Share

Chapter 4 | School

Suasana kelas 10 MIPA 2 yang berisik, teman-teman Vala sibuk menyalin jawaban karena ada PR kimia di jam pertama. Ada yang tengah bersandar sembari menunggu dituliskan, ada yang rebahan, ada pula yang sedang make-up an, dipojok sana kumpulan lelaki tengah bermain game viral.

Vala yang baru 5 hari sekolah tak tahu bila ada pr, karena itu di tugaskan Minggu lalu. Ia mendapat contekan dari Huza, sang ketua kelas yang baik dan manis.

"Nih, salin aja."

"Wih, thanks kalau gitu!"

Dengan semangat 45 Vala menyalin jawabannya, ia tak tahu bila Huza yang duduk di bangku depan memperhatikan dirinya sejak tadi. Naya yang menyadari hal itu pun berdehem kecil.

"Ekhem, uhuk-uhuk!"

"Kamu kenapa, Nay?" tanya Vala masih tetap melakukan tugasnya, ia hanya sekedar melirik Naya yang tampak ingin berbicara sesuatu.

"Ekhem, ga papa kok."

Naya melirik lirik kecil ke Huza dan Vala, tak sadarkah gadis itu bila ia sangat lucu dengan rambut kepang duanya. Naya tersenyum senang, ia sangat bersyukur dengan kehadiran Vala di kehidupannya saat ini, seolah ada tambatan dari hatinya yang patah dan terluka.

~ ( flashback )

Di sebuah gedung serbaguna yang sepi tampak seorang gadis tengah membersihkan lapangan dengan kain pel. Gadis itu terengah-engah kelelahan karena area seluas ini ia bersihkan sendirian.

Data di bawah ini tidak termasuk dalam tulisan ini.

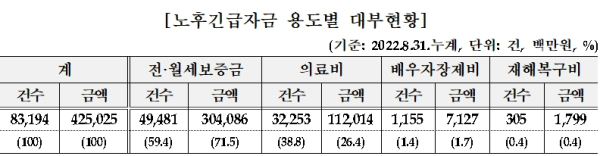 긴급자금 대부 용도는 주택 전·월세보증금, 의료비, 배우자 장제비, 재해복구비가 있으며 이 중 주택 전·월세보증금이 72%로 전체 대부금액 중 가장 많은 비중을 차지하고 있다.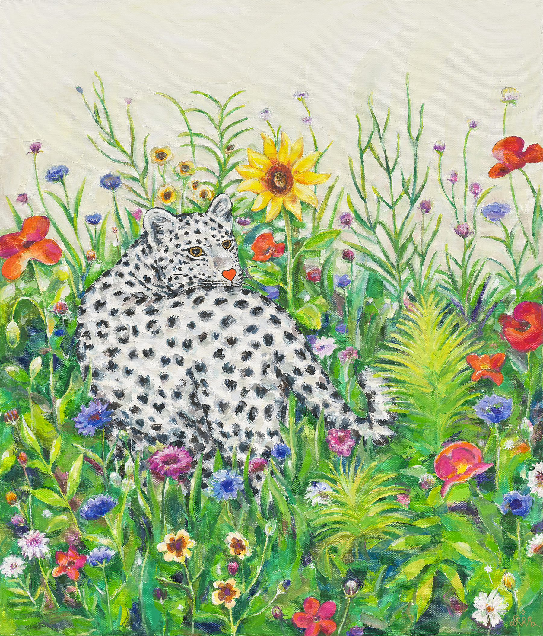 흰 표범과 춤추는 야생화들(White Leopard and Dancing Wildflowers)- 아이라 최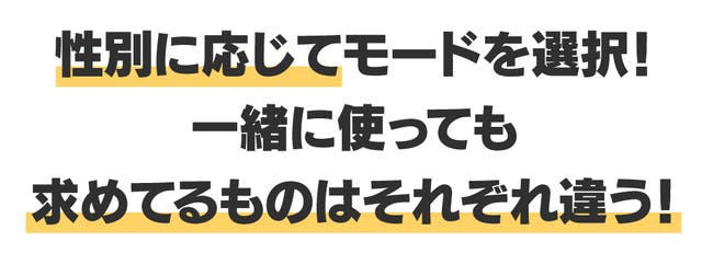 性別を選択すると各ユーザーに最適化された8つのモードを体験できます。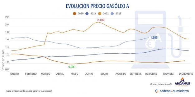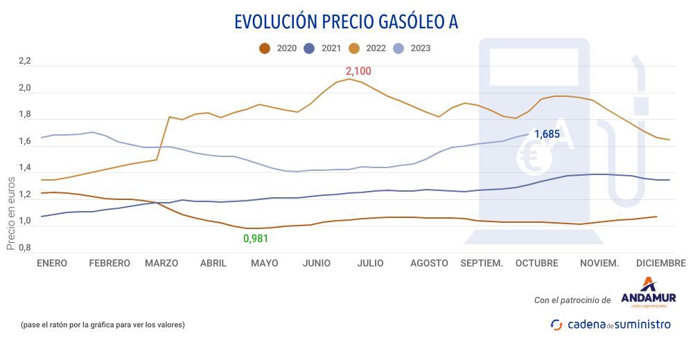 Ambos combustibles siguen una semana más por debajo del importe que marcaban antes de la entrada en vigor de la ayuda que aprobó el Gobierno a finales de marzo de 2022, y que fue prorrogada por el Gobierno hasta finales de 2023 para el transporte profesional por carretera. No obstante, el descuento será de 10 céntimos por litro hasta el 30 de septiembre y de cinco céntimos hasta final de año.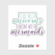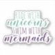 Stylish and fun, this cute and whimsical removable sticker is the perfect way to add some flair to your computer, locker, guitar case or anything else you can think of since these are vinyl. Features green and purple text "ride with unicorns swim with mermaids."

Hilda di hukum karena Stella, ya Stella yang memfitnah gadis malang itu merundung dirinya. Bekas jambakan dan tamparan di pipi Stella tak lain karena ulahnya sendiri, ia fitnah Hilda melakukannya.

Bermodal cerita karangan dengan wajah memelas sang guru pun percaya, Hilda tak bisa mengelak karena ia terlalu lemah. Naya yang mendengar kabar itu juga tak bisa melakukan apapun untuk membela.

"Ga papa kok, Nay. Kak Stella emang gitu sejak aku SMP," ucap Hilda kala itu.

Naya yang mendengarnya begitu geram, mereka berdua tengah duduk di kursi taman.

"Tapi Hil, kok kamu diem aja? Kenapa ga jujur, kan tangan kamu bersih itu. Ga ada bekas nampar orang!" ucap Naya menunjukan telapak tangan Hilda yang bersih dan mulus.

Hilda menggeleng kecil, matanya sudah berkaca-kaca menahan tangis. Ia benci dirinya sendiri yang terlalu lemah, namun ia juga khawatir teman barunya ini mengalami penderitaan akibat berteman dengan dirinya.

"Nay, udah ya? Jangan dibahas lagi, aku ga papa!" tegas Hilda, ia raih kedua tangan Naya untuk menyakinkan gadis itu.

Naya lepas perlahan tangan Hilda dan bangun dari duduknya, "ga bisa! Aku temen kamu! Kalau kamu ga berani biar aku aja yang ngehadapi!" teriaknya.

Hilda langsung ikut berdiri dan menahan Naya, "Nay! Plis, dengerin aku. Jangan, jangan lakuin apapun!" pinta gadis itu memelas.

Naya bungkam dengan mata menatap Hilda tajam, "terus? Harus diem aja gitu?" sarkasnya.

"Jangan, aku ga mau kehilangan seseorang lagi karena diriku sendiri." Hilda didepannya berucap dengan lemah, sorot matanya sendu.

Naya berkedip pelan, netranya menatap gadis didepannya ini penuh penasaran.

"Kehilangan seseorang apa maksud nya?"

Hilda membawa Naya kembali duduk, ia keluarkan ponselnya dan mencari gambar seseorang.

"Ini Ulfa, dia temenku."

Naya mulai mendengarkan dengan saksama, ia perhatikan gambar seorang gadis yang berpose di sebelah Hilda.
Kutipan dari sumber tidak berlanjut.